1. Introduction to the course#
1.1. Overview#
Questions
Why do we care about atomistic simulation?
How does atomistic simulation connect to the development of physics?
How is this course assessed?
Objectives
Import the software stack required for this course
Find appropriate software documentation
Keypoints
Atomistic simulation predicts material behaviour from first principles — cheaper and safer than experiment for many questions
Nearly a century old: from Quantum Mechanics (1920’s) to DFT (1960’s) to today’s ML models and Exascale computing
Quantum optics is our motivating theme: but the same skills transfer to batteries, catalysts, semiconductors, and beyond
The software stack: ASE, GPAW, MACE: Python based and open source
Official Docs, Materials Modelling Stack Exchange, GitHub: knowing where to look is half the skill
1.2. Lab Slides#
The slides for this lab are embedded below. 📥 Download slides (.pptx) | Open in full screen
1.3. Assessment#
See the Assessment page. We will assign groups: fill in this form to help ensure that groups are well balanced.
1.4. Setting up the software stack#
This course uses specialist scientific software for atomistic modelling: Atomistic Simulation Environment, GPAW and MACE. All of the software is Python-based and open source. See the Installation page for setup instructions.

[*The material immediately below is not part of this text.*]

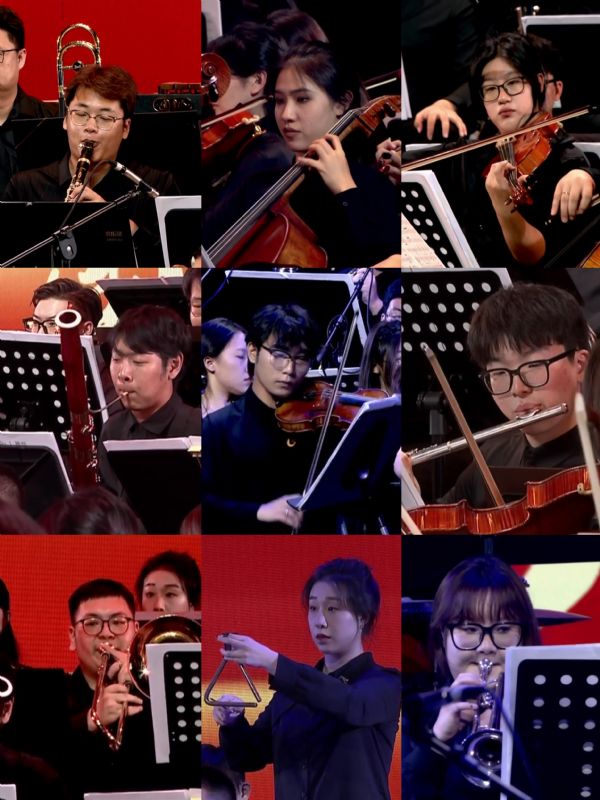 学院在接到演出任务后,高度重视、周密部署。北方交响乐团共98名师生不辞辛苦、日夜奋战,经历了近十天高强度的紧张排练,克服了排练场地局限、曲目数量多、演奏难度大等重重挑战。在幕后,由管弦系和艺术实践中心组成的排练统筹工作团队严谨细致周密地做好服务协调和保障,确保整场音乐会高质量呈现。在当晚的演出中,北方交响乐团将交响诗《祖国》的波澜壮阔、雄壮豪迈演绎得淋漓尽致,用精湛的技艺、纯熟的表演奏响了“新辽沈战役”的冲锋乐章。在现场观众们如潮的热情掌声中,乐团两次返场演出,最终在《歌唱祖国》的嘹亮歌声中结束了大型交响诗《祖国》的首演。

1.4.1. Exercise: Checking your installation#
Run the code cell below to make sure that ASE, GPAW and MACE are installed correctly. Why do we also need to install NumPy and Matplotlib?
import ase
print(f"ASE version: {ase.__version__}")
import numpy as np
print(f"NumPy version: {np.__version__}")
import matplotlib
print(f"Matplotlib version: {matplotlib.__version__}")
#import mace
#print(f"MACE version: {mace.__version__}")
#import gpaw
#print(f"GPAW version: {gpaw.__version__}")
ASE version: 3.22.1
NumPy version: 1.24.3
Matplotlib version: 3.7.1
1.4.2. Exercise: Running a basic calculation#
A calculator in ASE is an object that can compute physical properties (energy, forces, stress) for a given Atoms configuration. Calculators fall into three broad categories:
Built-in calculators Pure Python implementations bundled with ASE. The Effective Medium Theory (EMT) potential is a fast interatomic potential for metals.
File-based calculators ASE writes input files, calls an external code as a subprocess, and reads back the output. Supports a range of Density Functional Theory codes.
Machine-learned potentials Modern neural-network and Gaussian approximation potentials are increasingly used as fast surrogates for DFT. These are particularly exciting for large-scale simulations of complex materials, such as those used in quantum optics.
# Import the EMT calculator (no external code needed)
from ase.calculators.emt import EMT
from ase.build import bulk
# Build an aluminium FCC structure
al = bulk('Al', 'fcc', a=4.05)
al.calc = EMT()
# Compute energy
energy = al.get_potential_energy()
print(f"Al total energy: {energy:.4f} eV")
print(f"Al energy per atom: {energy/len(al):.4f} eV/atom")
Al total energy: -0.0015 eV
Al energy per atom: -0.0015 eV/atom
1.5. Where to Get Help#
ASE documentation: https://wiki.fysik.dtu.dk/ase/
Matter Modeling Stack Exchange: https://mattermodeling.stackexchange.com/
In Jupyter notebooks, you can get help on any ASE object or method using ?:
from ase import Atoms
Atoms? # full docstring
Atoms.get_positions? # method docstring
Tab-completion is also very useful for exploring:
Atoms.[TAB] # lists all methods and attributes
1.5.1. Exercise: Browsing the documentation#
Spend 10 minutes browsing the ASE documentation — get a feel for how it’s laid out
1.5.2. Exercise: Built-in docstrings#
Try help(Atoms) in a notebook cell — see the built-in docstrings for yourself
1.5.3. Extension task: The environmental cost of materials simulation#
Many materials simulation codes run on high-performance computing clusters that draw significant electrical power. This exercise asks you to estimate that cost for a realistic workflow and reflect on what it means for how you plan your research.
This task asks you to estimate the energy consumption and CO₂ emissions of running a materials simulation code on 32 Archer2 nodes for a total of 120 hours.
Before you touch a keyboard or an AI tool, spend 5-10 minutes with a pen and paper working through the following:
What are the units you need for compute intensity, energy consumption and CO2 emissions?
Where does each conversion factor come from, and how much might it vary?
What’s a sensible number to compare it to — something a non-specialist would immediately grasp?
Once you know what is needed you can search for data. Do not trust the first source you see, cross-check wherever possible, and always record your sources.
Finally, write a piece of Python code to implement the method.
You can use Claude or a similar tool during this exercise, but only as an intermediate step between your own thinking and your own critical analysis. Remember that there is also a significant environmental cost associated with large language models.